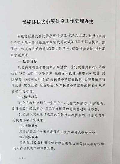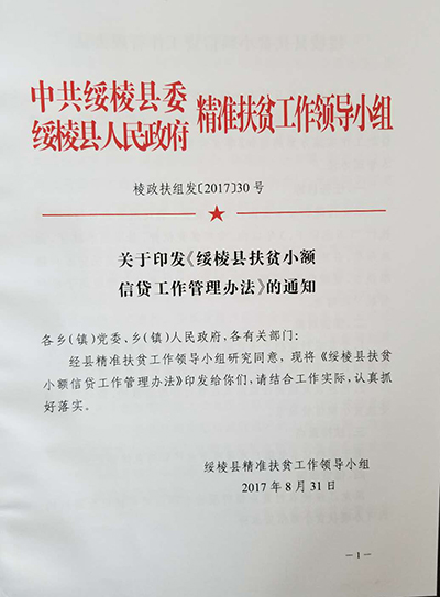 关于印发《绥棱县扶贫小额信贷工作管理办法》的通知
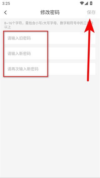 4、在修改密碼頁面,依次輸入舊密碼、新密碼并再次輸入新密碼,點(diǎn)擊右上角的保存按鈕,即可完成密碼修改。
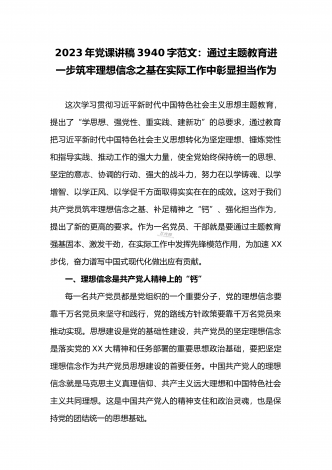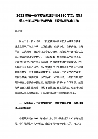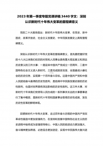 2023年党课讲稿2020字范文:学思践悟强党性,执法为民新征程同志们:按照局党委工作安排和主题教育工作要求,今天我来给大家上一堂专题党课,主题是“学思践悟强党性,执法为民新征程。主要是想和大家一起深入学习贯彻习近平新时代中国特色社会主义法治思想,进一步提高政治站位,强化执法为民的责任担当,用思想武器强化全市XX执法工作高质量发展。在召开这一堂党课之前,我先反复研读了党的XX大报告,尤其是反复研读了和我支队相关的第七部分“坚持全面依法治国,推进法治中国建设”等内容,不断加深了对“加快建设法治社会...
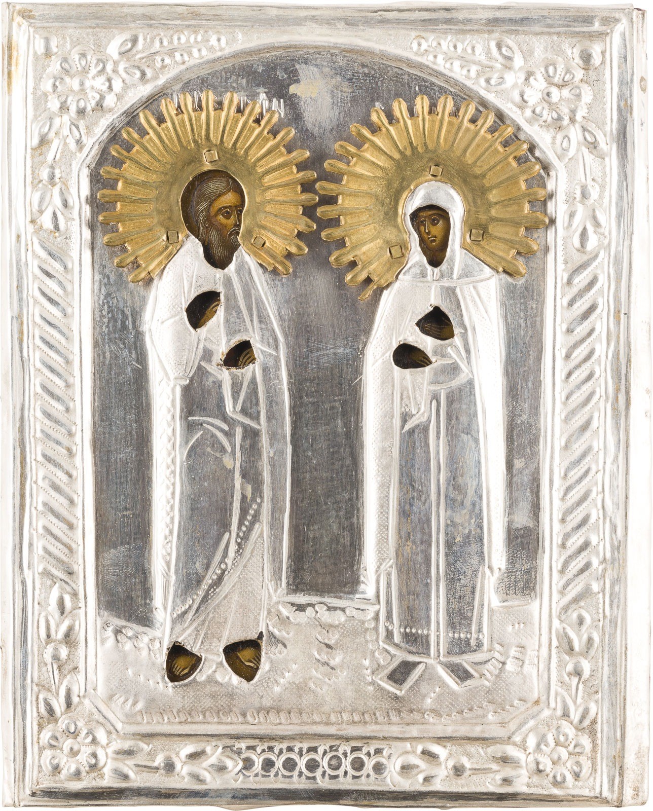 A SMALL ICON SHOWING STS. SYMEON AND ANNE WITH OKLAD Russian, late 19th century Tempera on wood panel. Overlaid with a chased metal oklad. 22 x 17.7 cm.

WORK REQUIRED :: The expected output is the exact run of lines from the one containing "2023年党课讲稿2020字" through the final line of the data above, both ends included, with no pictures.

ANSWER TO THIS PROBLEM ::
 2023年党课讲稿2020字范文:学思践悟强党性,执法为民新征程同志们:按照局党委工作安排和主题教育工作要求,今天我来给大家上一堂专题党课,主题是“学思践悟强党性,执法为民新征程。主要是想和大家一起深入学习贯彻习近平新时代中国特色社会主义法治思想,进一步提高政治站位,强化执法为民的责任担当,用思想武器强化全市XX执法工作高质量发展。在召开这一堂党课之前,我先反复研读了党的XX大报告,尤其是反复研读了和我支队相关的第七部分“坚持全面依法治国,推进法治中国建设”等内容,不断加深了对“加快建设法治社会...
 A SMALL ICON SHOWING STS. SYMEON AND ANNE WITH OKLAD Russian, late 19th century Tempera on wood panel. Overlaid with a chased metal oklad. 22 x 17.7 cm.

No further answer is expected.